[Data records — start]

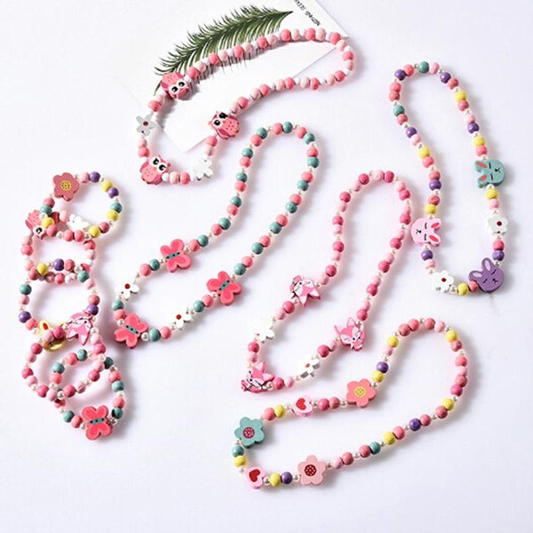 2 PCS/Set Lovely Cartoon Wood Jewelry Beads Necklace Baby Kids Princess Animals Necklace(Dolphin)
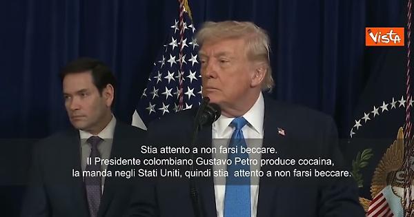 (Agenzia Vista) Usa, 04 gennaio 2026 "Stia attento a non farsi beccare. Il Presidente colombiano Gustavo Petro produce cocaina, la manda negli Stati Uniti, quindi stia attento a non farsi beccare.". Lo ha detto il Presidente americano Donald Trump nella conferenza stampa in Florida dopo l'arresto del Presidente venezuelano Nicolas Maduro. X Fonte: Agenzia Vista / Alexander Jakhnagiev
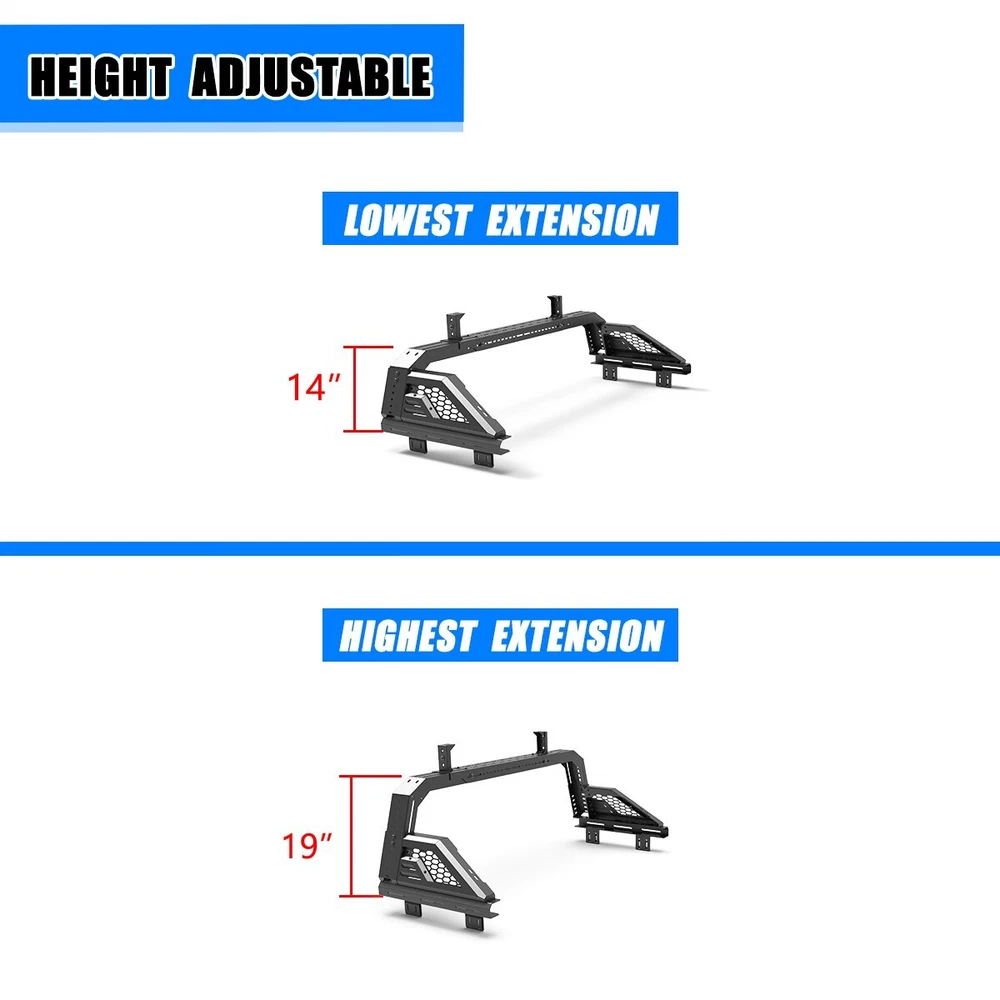 Head Lights Tail Lights Fog Lights Turn Signal Bumper Fender Flare Inner Fender Hubcaps Refrigerator Other Items for sale Head Lights Tail Lights Fog Lights Turn Signal Bumper Fender Flare Inner Fender Liners Portable Refrigerator For Universal Pickup Mid-Size Roll Bar Truck Adjustable Bed Rack Roof Adjustable Compatible with: For 1994-2004 Chevrolet S-10/GMC Sonoma For 2004-2012/2015-now Chevy Colorado/GMC Canyon For 1993-2011 Ford Ranger For 2019-2023 Ford Ranger For 2020-now Jeep Gladiator For 2001-2024 Toyota Tacoma For 2022-2024 Toyota Tundra For 2001-now Nissan Frontier For 2004-now Nissan Titan For 2006-2014/ 2017-now Honda Ridgeline Features Full New: 100% brand new and premium quality. Fitment: Compatible with All Full Size Trucks Material: The heavy duty steel construction and black powder coat finish make your truck feel good. Perfect for use in extreme temperatures and weather. Unique Design: Cold-rolled steel plate with black powder coating, equipped with welding technology, safe and non-toxic, has excellent anti-corrosion performance and electrical insulation performance, greatly improves the service life of the product, and effectively prevents the generation of rust. Warranty: 1 year manufacturer's warranty, 60-day return policy, premium quality and after-sales service, you can buy with confidence! Professional After-sales: If you have any questions, you can contact us, we have a professional after-sales team to solve your doubts! Bed Rack 1.Included a set of LED Lights mounting bracket 2.Widith adjustment range of 62.2-72.8 inches 3.Dimension-Length 30.4" 4.Height adljustment range of 14-19 inches 5.Works With or Without Factory Bed Side Rail Mounts 6.Micro-Texture Black Powder Coat Finish 7.With Raised Base to Accommodlate Tonneau Cover 8.Can be secured by punching holes in the bed shouldlers or Locked to factory sicdle rails Package Includes 1* Front Modular Overland Bed Rack 1* set of Mounting Accessories
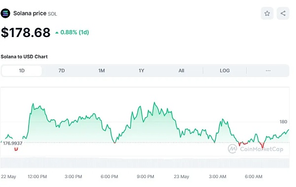 与之相反,Solana (SOL) 的价格在过去 24 小时内上涨了 0.88%,达到 178.68 美元。尽管 SOL 的走势波动,但该代币仍保持上涨势头。其 24 小时最低价为 175.45 美元,最高价为 183.07 美元。同时,24 小时交易量下降 7.19%,降至 37.7 亿美元。
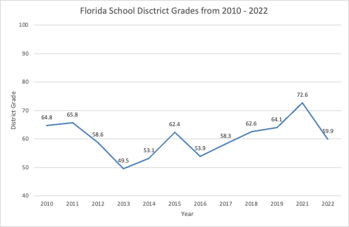 This brief examination of the recent academic results from the state of Florida explored the following research questions: 1) Is there a relationship between district grade and graduation rate among Floridian public school districts? In this case, the independent variable was DG and the dependent variable was 2021 GR. 2) How have district grades changed from 2010 – 2022 among Floridian public school districts? This project used the following hypotheses: 1) There is a relationship between district grade and graduation rate among Floridian public school districts. 2) District grades in Floridian public school districts increased from 2010 – 2019, then decreased from 2020 – 2022 due to factors surrounding the COVID-19 pandemic.
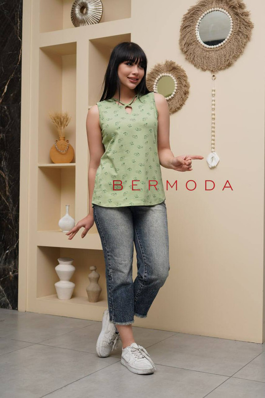 تاپ زنانه راحتی نخ و پنبه یقه کوبایی برند برمودا

[Data records — finish]

> **Problem details**
With pictures left out, print the lines of the material above from the line containing "与之相反,Solana (SOL) 的价格在过去" through its last line, exactly and nothing more.

> **Written answer**
 与之相反,Solana (SOL) 的价格在过去 24 小时内上涨了 0.88%,达到 178.68 美元。尽管 SOL 的走势波动,但该代币仍保持上涨势头。其 24 小时最低价为 175.45 美元,最高价为 183.07 美元。同时,24 小时交易量下降 7.19%,降至 37.7 亿美元。
 This brief examination of the recent academic results from the state of Florida explored the following research questions: 1) Is there a relationship between district grade and graduation rate among Floridian public school districts? In this case, the independent variable was DG and the dependent variable was 2021 GR. 2) How have district grades changed from 2010 – 2022 among Floridian public school districts? This project used the following hypotheses: 1) There is a relationship between district grade and graduation rate among Floridian public school districts. 2) District grades in Floridian public school districts increased from 2010 – 2019, then decreased from 2020 – 2022 due to factors surrounding the COVID-19 pandemic.
 تاپ زنانه راحتی نخ و پنبه یقه کوبایی برند برمودا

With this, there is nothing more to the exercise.